Böyle olacağını bilseydim hiç değişmezdim ki ben. Onun yüzünden doğallığımdan vazgeçtim ben be. Ama ben yine de intikamımı alıcam. Hemde çok iyi alıcam. Diye söylenerek yürürken kafamı kaldırdım ve direkle burun buruna geldik. Çok romantikti. Ayy ne diyorum ben ya öf. Alaz denen o pis insan yüzünden kafayı da sıyırcam yakında.
Akşam eve geldim. Masa hazırdı. Aslında yemiyicektim ama annem ve babam şüphelenmesin diye yemek zorundaydım. Ha bu arada annem Meryem ressamdır kendisi. Babam ise Tarık o da iç mimar. Her neyse ben tabağımda ki yemeği çatalla oraya buraya çevirirken annem;
"Kızım moralin neden bu kadar bozuk?"
"Yoo annecim moralim bozuk değil ki nerden çıkardın canım sende haha"
"Sanki birisi senin moralini bozmuş da söylemiyormuşsun gibi, yoksa birisi yeni halinle ilgili kötü bişey mi söyledi? Bana doğruyu söyle kızım.

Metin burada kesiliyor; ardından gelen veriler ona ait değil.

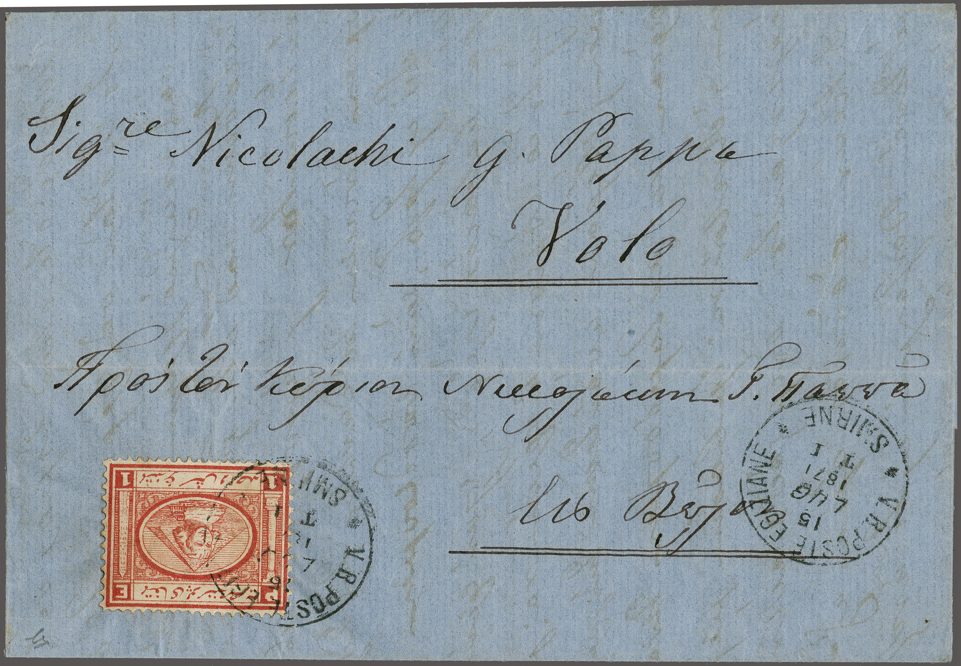 pi. brown being very rare used in a Consular Office, together with a fine entire letter to Volo with single 1 pi. cancelled by "V.R. POSTE EGIZIANE / SMIRNE" cds with information strike alongside. (Image 1)

Annemin ellerini iki elimin arasına alarak dizlerimin üstüne koydum ve;
"Merak etme annecim hiç kimse beni üzemez. Üzen olursa bile ben ona ne yapacağımı bilirim. Senin kızınım sonuçta" diyip güldüm. Annemin ve babamın yanağına bir öpücük kondurarak odama çıktım. Üstümü çıkartıp yatağa uzandım. Mp3'ümü alıp sıradan bir müzik seçtim.
Şarkı dinlerken aynı zaman da mırıldanıyordum. " stone cold stone coldd maybe if I dont cry I dont feel anymore lalalalalala" ben söylenirken telefonum çaldı. "Bilinmeyen numara mı?"ya şöyle arayıp arayıp saçma salak konuşanlardan nefret ediyorum. Yiyosa normalden ara. Neyse açiyim ıhım ıhım;
"Alo" "Alo" "Buyurun kimsiniz" "Ben...." "Evet siz...?" "Eee şey ben Açelya'yı aramıştım." "Yanlış numara malesef aramayın bir daha" deyip kapattım.
Kulaklığı tekrar taktım. Şarkıyı tam dinleyecekken "az önce, az önce telefonda ki ses Al-Alaz'ın sesimiydi? Evet onundu peki neden böyle bişey yaptı ki hadi onu geçtim numaramı nerden buldu bu? Yoksa özür dilemek için mi aradı. Ben yarın gösteririm sana Alaz Bey". * * * "Acaba Ceylin ben olduğumu anlamışmıdır? Keşke aramasaydım. Ah Alaz ah niye aradın ki? Daha doğrusu ben neden... of neyse anlamamıştır çok konuşmadım zaten.